Alfred John Bennett (1861 – c.1923) was an English artist who worked in oils, watercolour and etching.

Life and work

Bennett was born in London which became a major source of inspiration to the artist. His paintings, drawings and etchings, more often than not, depicted well known landmarks of the capital city. In December 1889 Bennett married Catherine Avery (They had one daughter, Mary Catherine) and spent a short amount of time living with her family in East Hyde, Bedfordshire.

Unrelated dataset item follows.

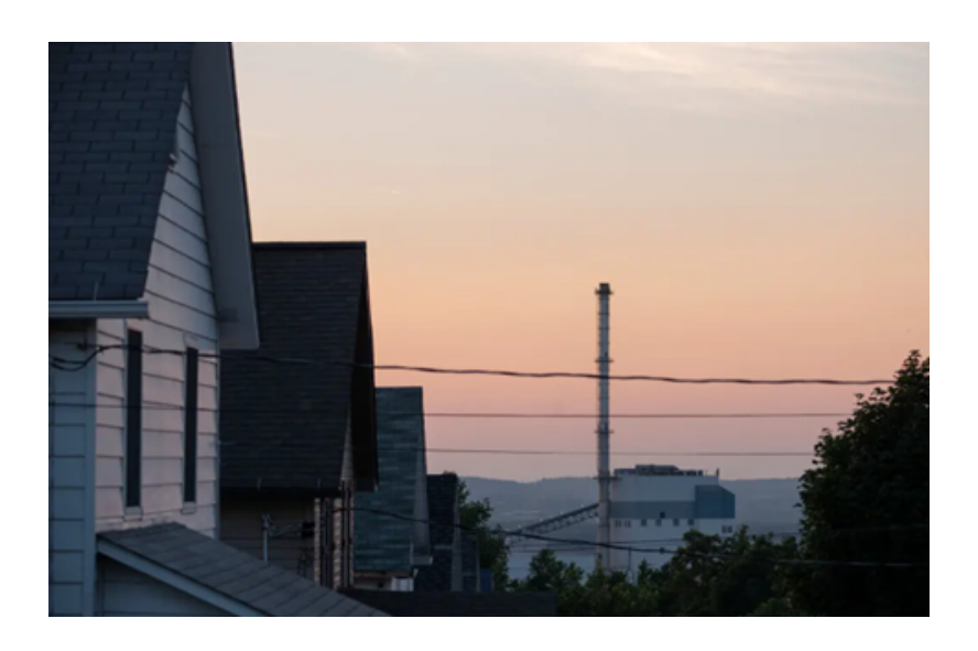
EPA to Tighten Limits on Mercury and Other Pollutants from Power Plants

The recent Inflation Reduction Act includes multiple climate change provisions that have encouraged companies and developers to find more sustainable alternatives that will help lower carbon dioxide emissions. As a result, some developers have worked on ambitious projects that turn corn into ethanol and soybeans into biodiesel for transportation fuel.

During this period Bennett worked as a Jeweller, whilst also regularly submitting paintings to the Royal Academy of which four were exhibited between 1861-1880.

After this success, Bennett left the jewellery trade and concentrated on his art, first moving to Thornton Heath, Surrey and then relocating his studio to Knebworth.

Exhibitions

Bennett exhibited extensively, regularly contributing work to the Royal Watercolour Society (17 pictures) and British Institution (2 pictures) exhibitions. A further painting titled The Hill Farm was exhibited at the Royal Academy in 1916, and he achieved more success with solo and joint shows at the prestigious Walker's Gallery in New Bond Street, London in 1918 and 1923. In addition, he also exhibited works at the Fine Art Society, New English Art Club, Grosvenor Gallery, International Society, and the Royal Institute of Oil Painters.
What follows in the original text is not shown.